A statement from the Emanuel administration on Thursday noted: “The city’s difficulties can’t be reversed overnight. It took decades to build the mountain of debt and substantial structural budget deficit that Mayor Emanuel inherited. The upcoming issuance – which converts bad deals from the past from short-term debt into more stable, long-term debt – is one more step toward getting the city’s fiscal house back in order.”
A top mayoral aide, who asked to remain anonymous, portrayed the refinancing as the “next step” in the plan Emanuel unveiled in late April to end or move away from four risky financial practices that his predecessor and political mentor, former Mayor Richard M. Daley, used to “mask” the true cost of city government.
That plan called for:
- Terminating a combined, $915 million in so-called “swaps” in the city’s portfolio of general obligation and sales tax debt and converting all general obligation debt from variable- to fixed-interest rates. The $230 million penalty will be folded into the refinancing to avoid putting added pressure on the city budget.
- Implementing a four-year phase-out of “scoop-and-toss,” the practice of paying short-term obligations by saddling Chicago taxpayers with long-term debt.

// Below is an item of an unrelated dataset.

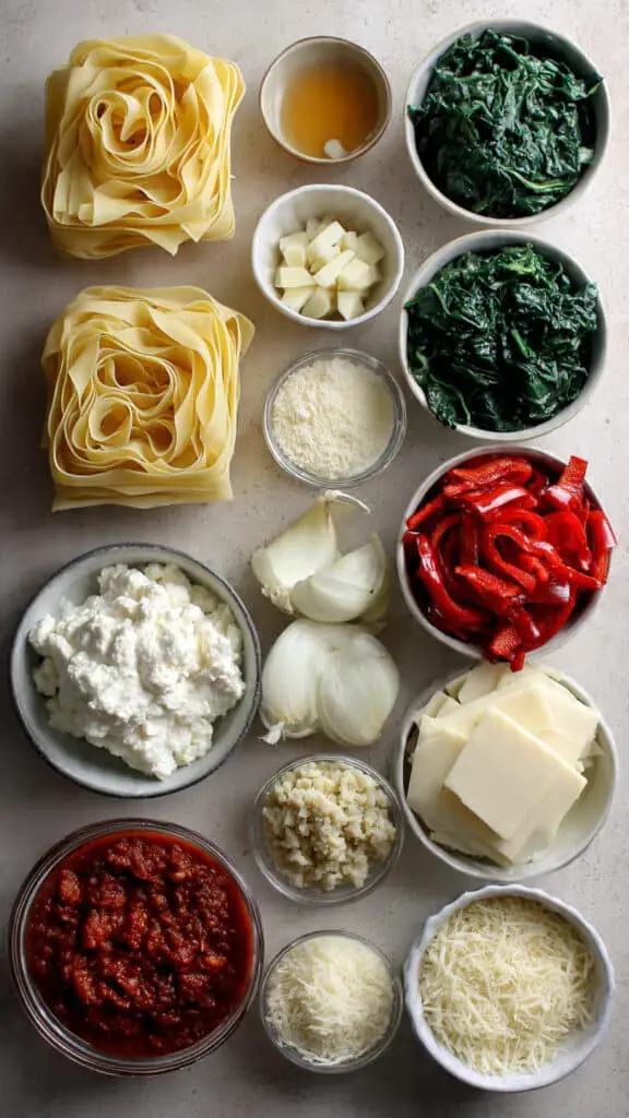 Ingredients in Roasted Red Pepper and Spinach Lasagna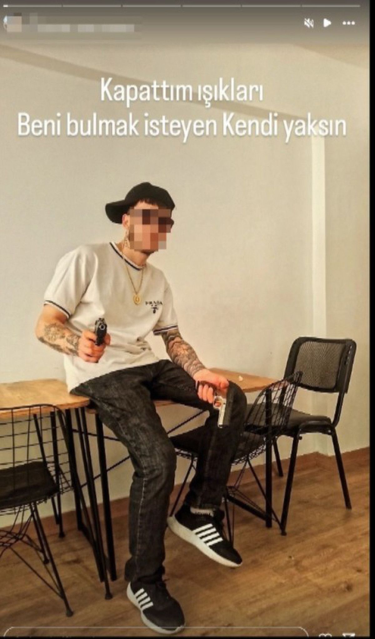Şüphelinin elinde silahla çekilen fotoğraflarını paylaştığı ve bunlardan birinin üzerine “Kapattım ışıkları. Beni bulmak isteyen yaksın” yazdığı görüldü.

That will add $75 million to an operating shortfall in the city’s 2016 budget that’s already pegged at $300 million.
- Gradually ending the practice of using borrowing to bankroll costly legal settlements and judgments against the city by covering those settlements in the city’s operating budget.

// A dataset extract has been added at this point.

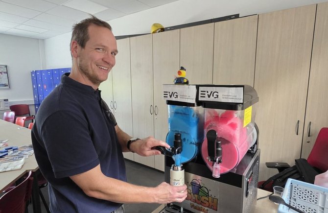 Ein großes Dankeschön geht an den Fonds soziale Sicherung, der die Slush-Eis-Maschine zur Verfügung gestellt hat, an die GUV Fakulta für ihre Unterstützung und an unseren Kollegen Frank, der tatkräftig mit angepackt hat.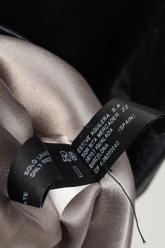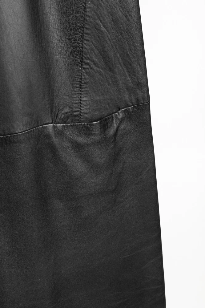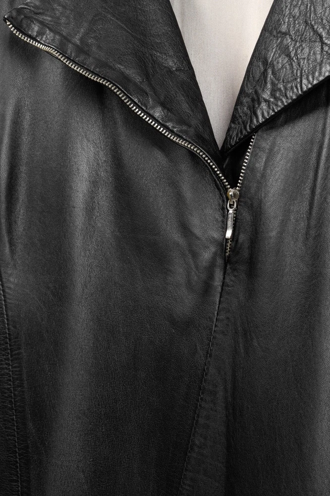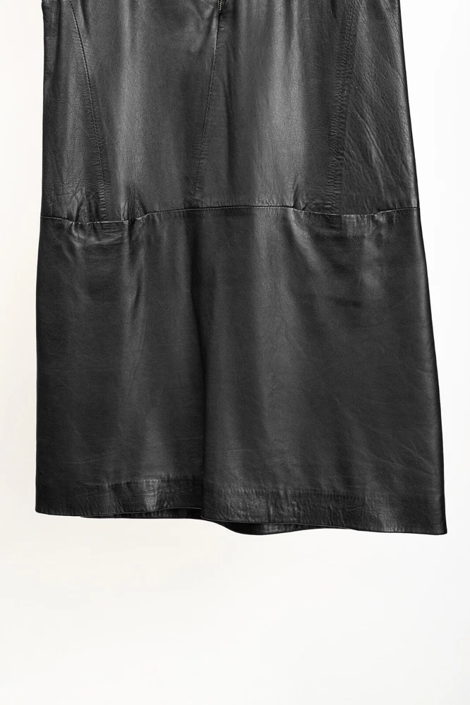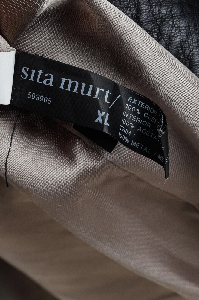 This dress from Sita Murt is crafted in a soft black leather, and is embellished with silver-tone studs on the armholes. It features a sleeveless design, layered shoulders, a square neckline, an offset front zip, front seam pockets, a mini-length hem, and is lined in a grey satin. Size: XL Condition: Excellent; some punctures on inside of left armhole; light marking on neckline, front left waist, center front hem. Approximate Measurements (laid flat): Shoulder: 17.75" (45 cm) Chest: 19" (48 cm) Length from back: 37" (94 cm) Composition: Outside: 100% leather. Inside: 100% acetate. Trim: 100% metal.

- Continuing to build back a rainy day fund that Daley raided to the tune of $1.2 billion to balance his last four budgets after selling off valuable city assets, including the Chicago Skyway, city parking meters and downtown parking garages.
Municipal finance expert Matt Fabian said the $1.1 billion refinancing is “not the optimal policy choice.” But it’s understandable.
“The city has its political constraints on raising revenue and cutting spending. From a Wall Street perspective, we’ll take what we can get. We want the city to transition to a balanced budget. But doing it all in one year may create too much political upset,” he said.
“Chicago has a long legacy of borrowing. That legacy can’t go away overnight. It may be better for the city to continue to use gimmicks for the next few years, assuming it is transitioning to a fully balanced budget.”